Excerpted records Start Marker
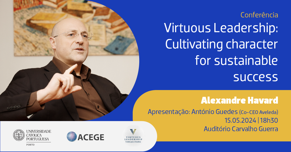 Esta conferência, proferida por Alexandre Havard conta com a apresentação de António Guedes (Co-CEO Aveleda), realiza-se no dia 15-05-2024, às 18h30, no Auditório Carvalho Guerra, da Universidade Católica no Porto.
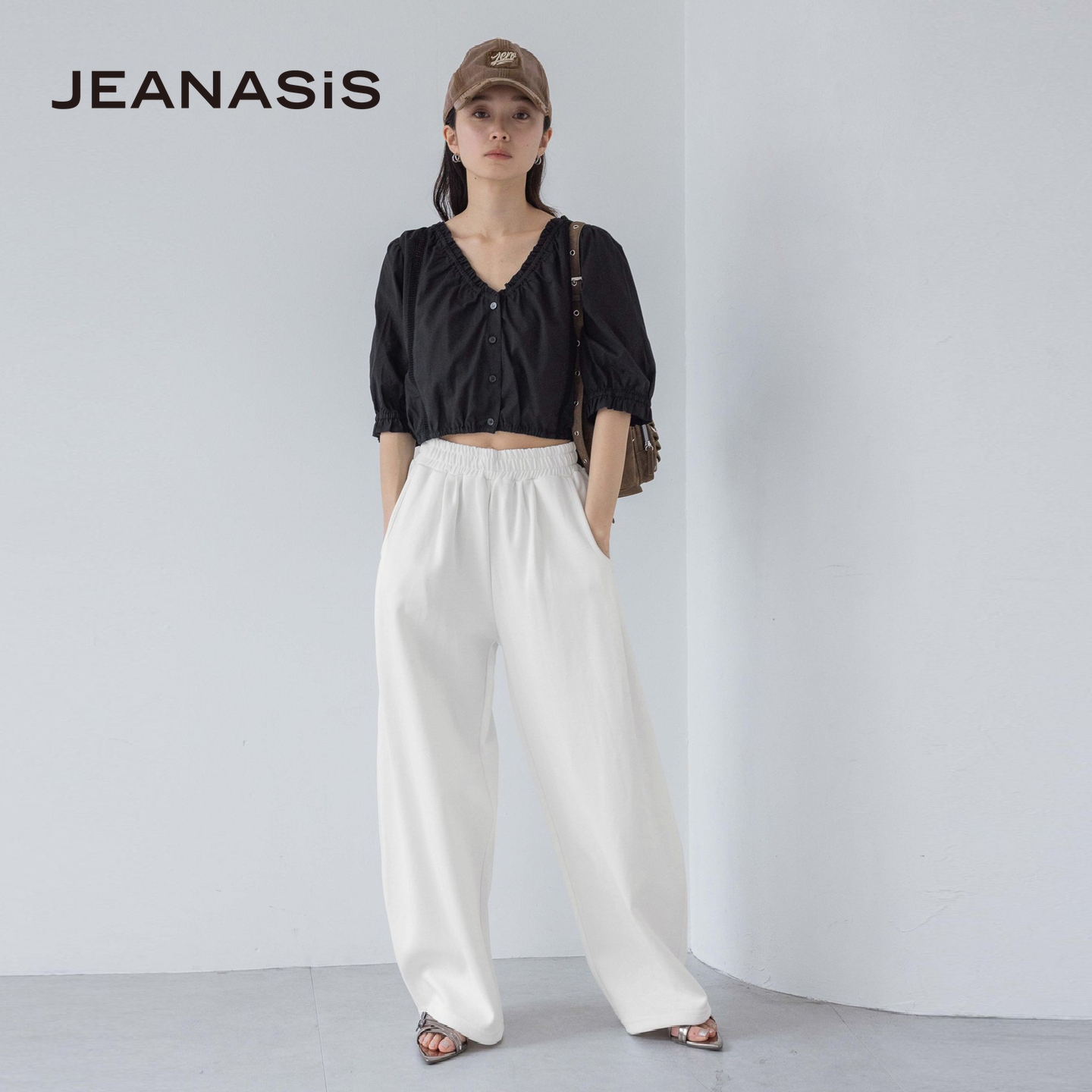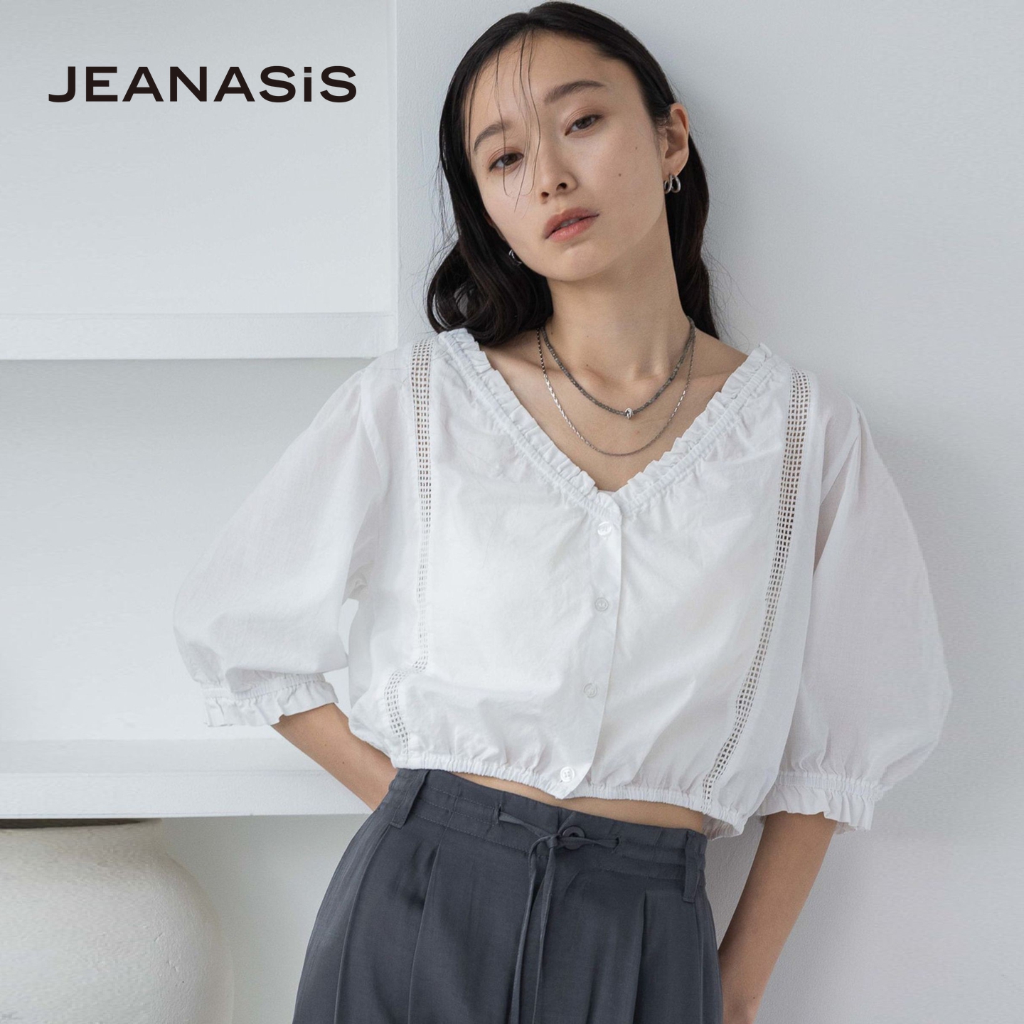 JEANASIS衬衫女2025夏季新款时尚休闲纯色V领短款上衣492476
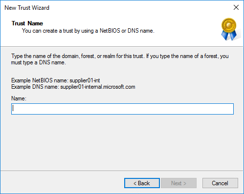 In the New Trust Wizard dialog box, enter the DNS name for the incoming forest trust and click Next.
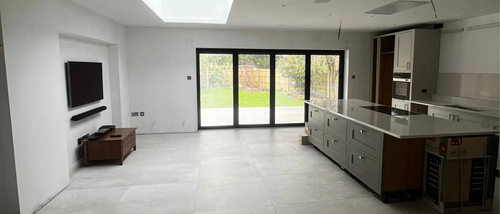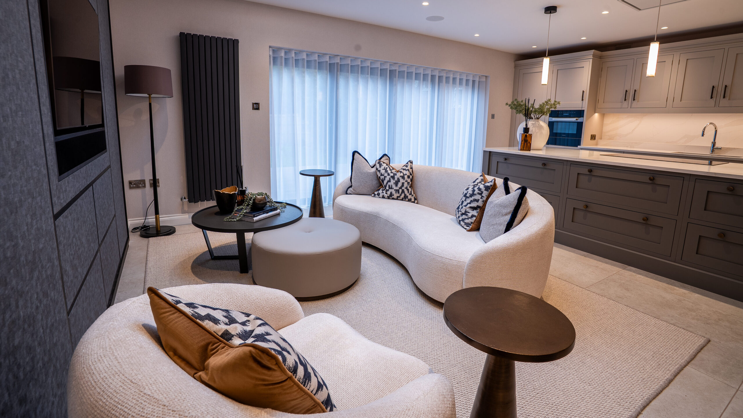 The day living area was designed as a relaxed and informal zone, supporting everyday comfort and connection within the open-plan layout. A key feature is the bespoke media wall, formed within the newly built dividing wall that separates it from the sitting room. Making use of a natural recess, the design was carefully developed to sit seamlessly within the wall’s depth, creating a clean, integrated finish.
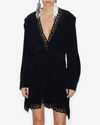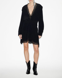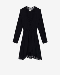 Dress in plain-colored crepe with English embroidery Low-cut V-neckline Long sleeves with straight cuffs Slant pockets Done up with a hidden side zipper Elaborate finishes Asymmetrical hem Crepe lining Flared cut with a fitted waist Style: RO0534FA-B3J05E FELIE 100% viscose
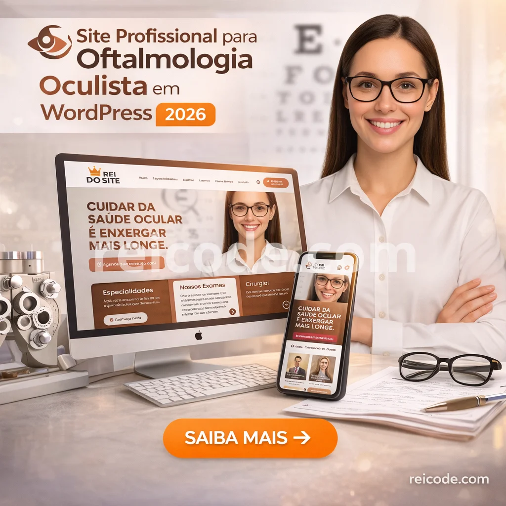 O Site Profissional para Oftalmologia Oculista em WordPress 2026 da reicode.com foi desenvolvido especialmente para clínicas oftalmológicas, médicos oculistas e profissionais da saúde ocular que desejam transmitir credibilidade, confiança e profissionalismo online.
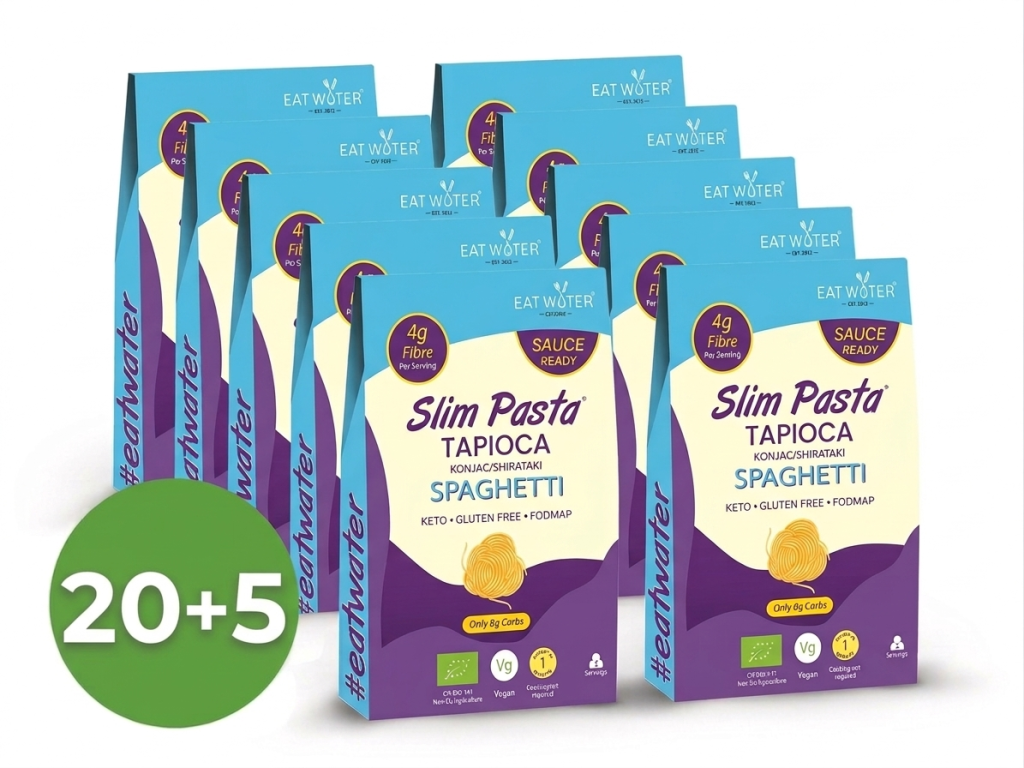 Tapiokovo-konjakové prílohy v tvare špagiet – Slim Pasta druhej generácie – majú o 90 % kalórií menej ako bežné špagety. Sú hotové za jednu minútu. Nevaria sa, nepreplachujú sa, neplávajú v náleve. Nemajú arómu. Sú nízkokalorické. Skvelé pre vašu redukčnú diétu. Vhodné pre vegánov. Bez lepku. Obsahujú vlákninu.
Excerpted records End Marker
● **What to do**: Write out the full listing verbatim, excluding its pictures.

● **Finished task**:
 Esta conferência, proferida por Alexandre Havard conta com a apresentação de António Guedes (Co-CEO Aveleda), realiza-se no dia 15-05-2024, às 18h30, no Auditório Carvalho Guerra, da Universidade Católica no Porto.
 JEANASIS衬衫女2025夏季新款时尚休闲纯色V领短款上衣492476
 In the New Trust Wizard dialog box, enter the DNS name for the incoming forest trust and click Next.
 The day living area was designed as a relaxed and informal zone, supporting everyday comfort and connection within the open-plan layout. A key feature is the bespoke media wall, formed within the newly built dividing wall that separates it from the sitting room. Making use of a natural recess, the design was carefully developed to sit seamlessly within the wall’s depth, creating a clean, integrated finish.
 Dress in plain-colored crepe with English embroidery Low-cut V-neckline Long sleeves with straight cuffs Slant pockets Done up with a hidden side zipper Elaborate finishes Asymmetrical hem Crepe lining Flared cut with a fitted waist Style: RO0534FA-B3J05E FELIE 100% viscose
 O Site Profissional para Oftalmologia Oculista em WordPress 2026 da reicode.com foi desenvolvido especialmente para clínicas oftalmológicas, médicos oculistas e profissionais da saúde ocular que desejam transmitir credibilidade, confiança e profissionalismo online.
 Tapiokovo-konjakové prílohy v tvare špagiet – Slim Pasta druhej generácie – majú o 90 % kalórií menej ako bežné špagety. Sú hotové za jednu minútu. Nevaria sa, nepreplachujú sa, neplávajú v náleve. Nemajú arómu. Sú nízkokalorické. Skvelé pre vašu redukčnú diétu. Vhodné pre vegánov. Bez lepku. Obsahujú vlákninu.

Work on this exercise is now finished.